:: Exercise data ::

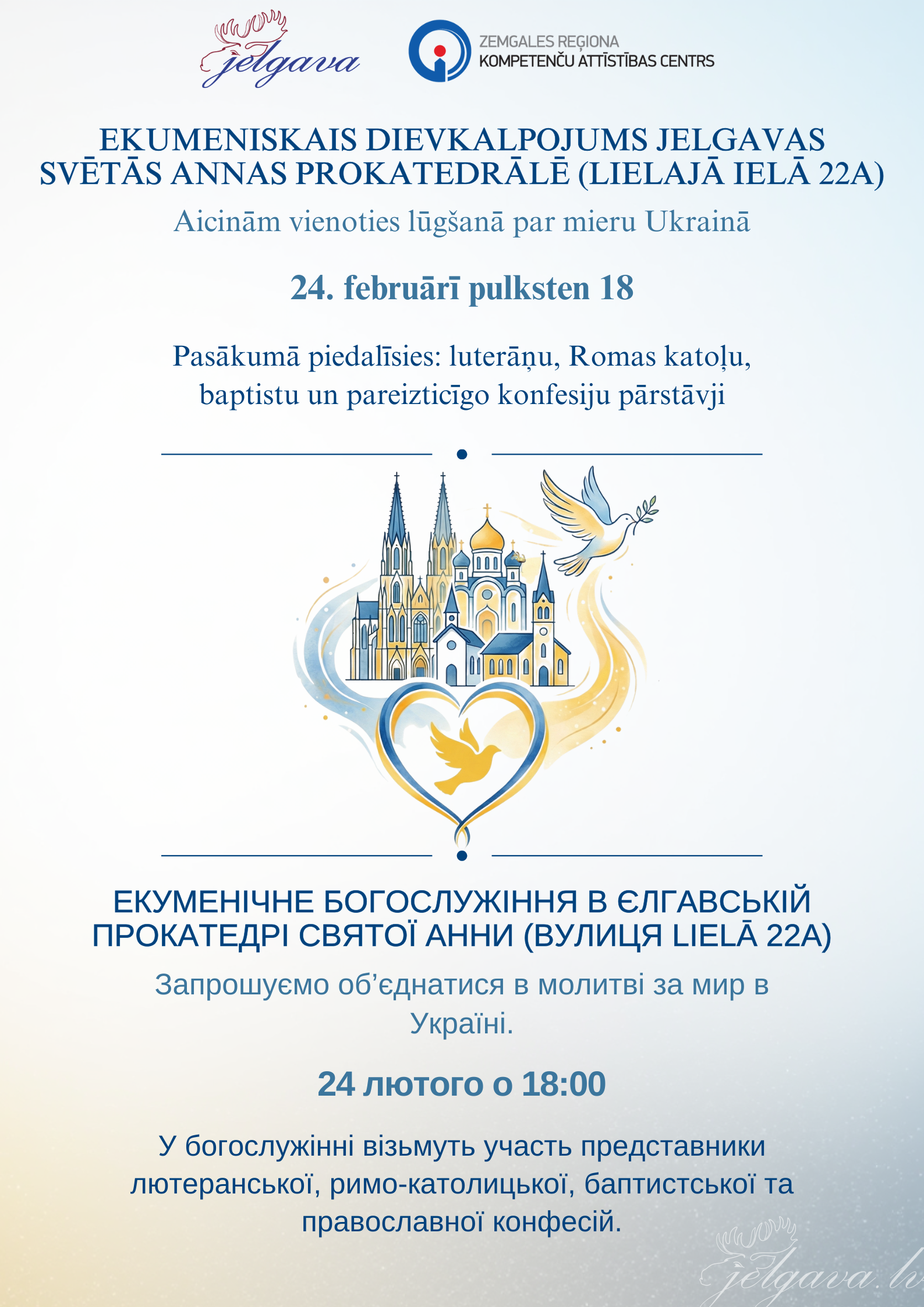 Ekumeniskais dievkalpojums Jelgavas Svētās Annas prokatedrālē, aizlūdzot par mieru Ukrainā
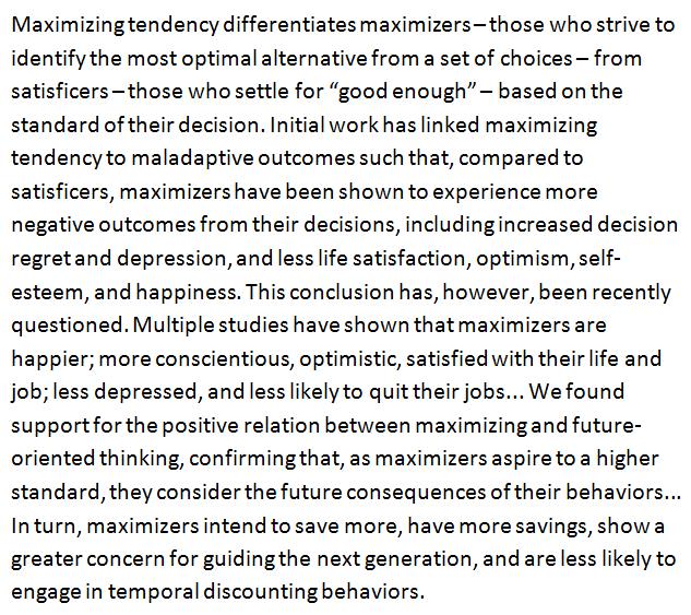 Maximizers are better than their reputation, leading a happier and more foresightful life. http://econtent.hogrefe.com/doi/abs/10.1027/1614-0001/a000226 …pic.twitter.com/vFMUI3AICJ
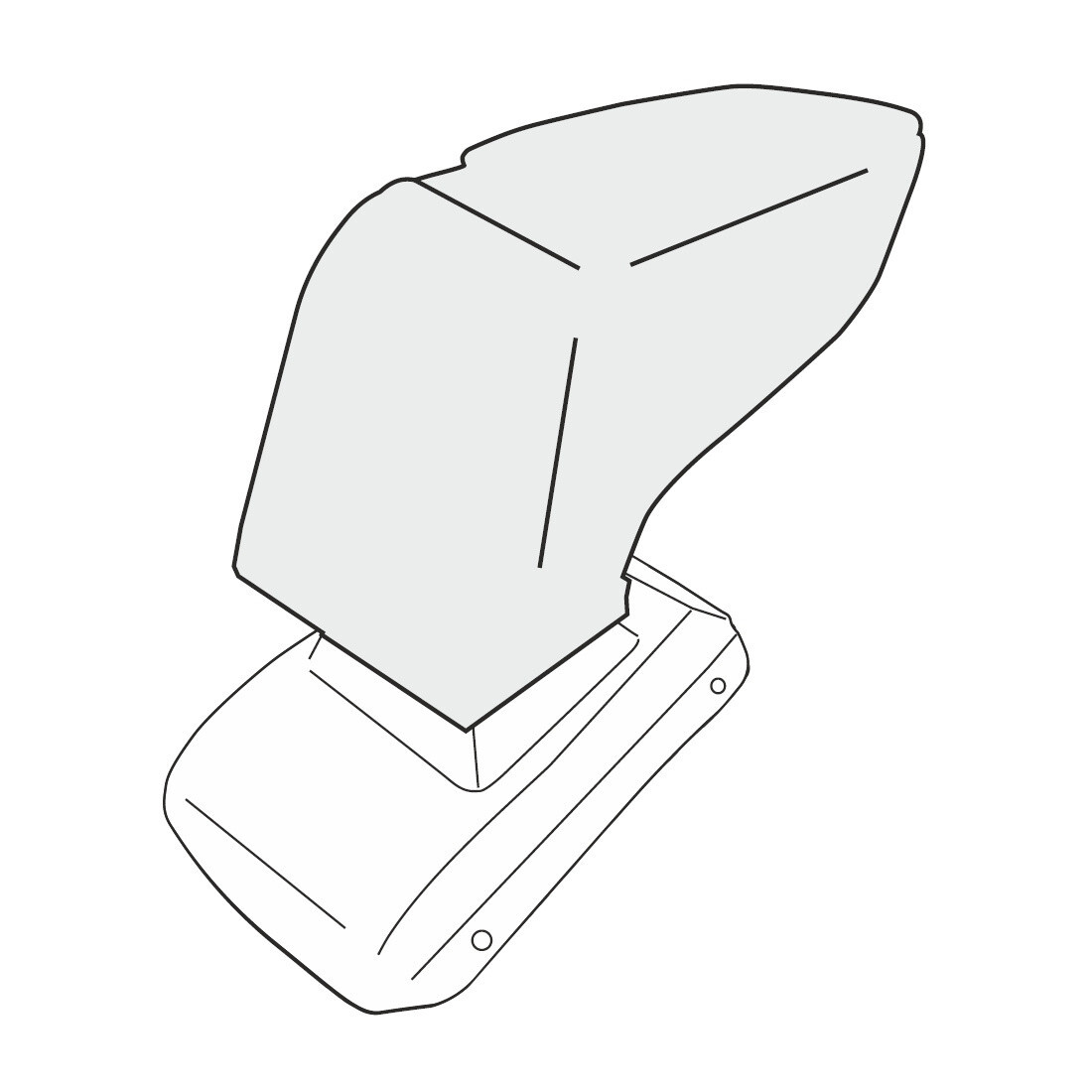 Vrchní část loketní opěrky je dle Vašeho výběru potažena jemnou koženkou nebo textílií černé barvy. Samozřejmostí je možnost odklopení vrchní části loketní opěrky, kde je úložný prostor, který je opatřen gumovou protiskluzovou podložkou. Uvnitř opěrky jsou na spodní části víka umístěny dva držáky na tužku

:::

Could you write out the whole listing exactly, dropping the pictures?

**Answer to this exercise**
 Ekumeniskais dievkalpojums Jelgavas Svētās Annas prokatedrālē, aizlūdzot par mieru Ukrainā
 Maximizers are better than their reputation, leading a happier and more foresightful life. http://econtent.hogrefe.com/doi/abs/10.1027/1614-0001/a000226 …pic.twitter.com/vFMUI3AICJ
 Vrchní část loketní opěrky je dle Vašeho výběru potažena jemnou koženkou nebo textílií černé barvy. Samozřejmostí je možnost odklopení vrchní části loketní opěrky, kde je úložný prostor, který je opatřen gumovou protiskluzovou podložkou. Uvnitř opěrky jsou na spodní části víka umístěny dva držáky na tužku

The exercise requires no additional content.